1. If $C(n, 8) = C(n, 2)$, find $C(n, 2)$.
We use the property that if $C(n, a) = C(n, b)$, then either $a = b$ or $a + b = n$.
Since $8 \ne 2$, we must have:
$$n = 8 + 2$$
$$n = 10$$
Now find $C(n, 2)$, which is $C(10, 2)$:
$$C(10, 2) = \frac{10!}{2!(10-2)!} = \frac{10!}{2!8!}$$
$$C(10, 2) = \frac{10 \times 9 \times 8!}{2 \times 1 \times 8!} = \frac{10 \times 9}{2} = 5 \times 9 = \mathbf{45}$$
2. Determine $n$
(i) $C(2n, 3) : C(n, 3) = 12 : 1$
$$\frac{C(2n, 3)}{C(n, 3)} = \frac{12}{1}$$
Expand the combination terms:
$$\frac{\frac{2n(2n-1)(2n-2)}{3 \times 2 \times 1}}{\frac{n(n-1)(n-2)}{3 \times 2 \times 1}} = 12$$
$$\frac{2n(2n-1)(2n-2)}{n(n-1)(n-2)} = 12$$
Factor out common terms. Note that $2n-2 = 2(n-1)$:
$$\frac{2n(2n-1)2(n-1)}{n(n-1)(n-2)} = 12$$
Cancel $n$ (assuming $n \ne 0$) and $(n-1)$ (assuming $n \ne 1$):
$$\frac{4(2n-1)}{n-2} = 12$$
Divide both sides by 4:
$$\frac{2n-1}{n-2} = 3$$
$$2n – 1 = 3(n – 2)$$
$$2n – 1 = 3n – 6$$
$$6 – 1 = 3n – 2n$$
$$n = \mathbf{5}$$
(ii) $C(2n, 3) : C(n, 3) = 11 : 1$
$$\frac{C(2n, 3)}{C(n, 3)} = 11$$
Using the simplification from part (i):
$$\frac{4(2n-1)}{n-2} = 11$$
$$4(2n – 1) = 11(n – 2)$$
$$8n – 4 = 11n – 22$$
$$22 – 4 = 11n – 8n$$
$$18 = 3n$$
$$n = \frac{18}{3}$$
$$n = \mathbf{6}$$
3. How many chords can be drawn through 21 points on a circle?
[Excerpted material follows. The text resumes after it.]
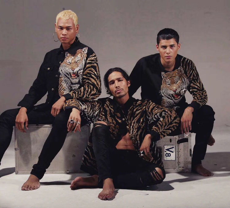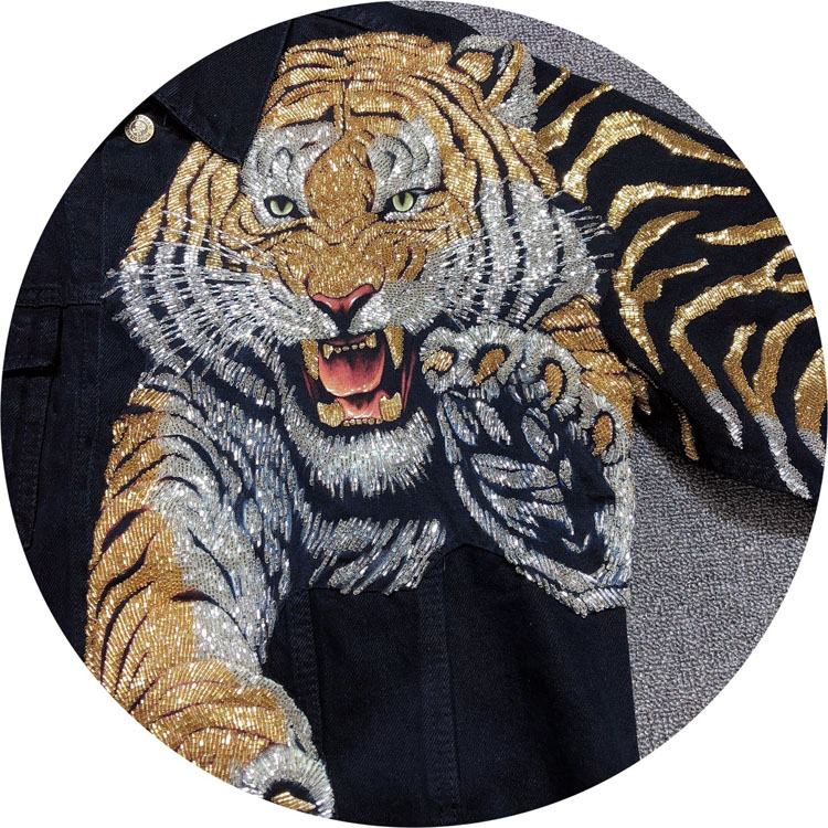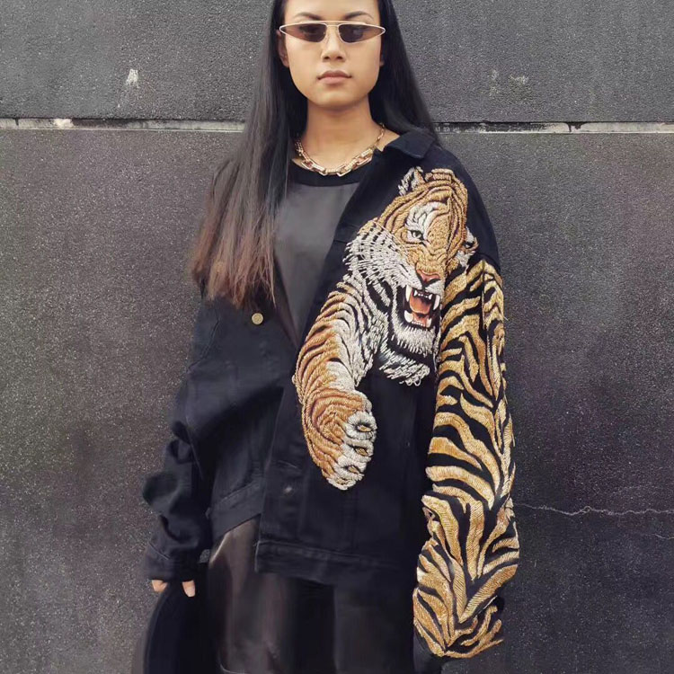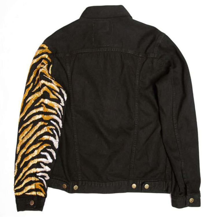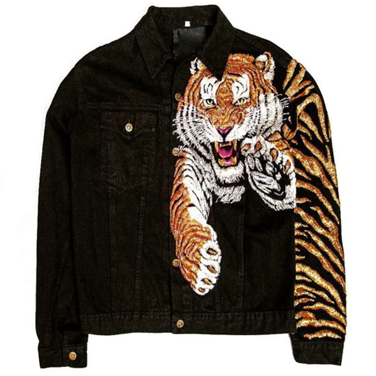 Custom high fashion mens black jean jacket tiger sequin embroidered luxury man jacket

A chord is formed by joining any two distinct points on the circle. Since the order of the points does not matter (point A joined to B is the same chord as B joined to A), this is a combination problem.
We choose $r=2$ points from $n=21$ points.
$$\text{Number of chords} = C(21, 2)$$
$$C(21, 2) = \frac{21 \times 20}{2 \times 1} = 21 \times 10 = \mathbf{210}$$
4. Selecting a team of 3 boys and 3 girls from 5 boys and 4 girls.
The selections of boys and girls are independent events. We use the multiplication principle.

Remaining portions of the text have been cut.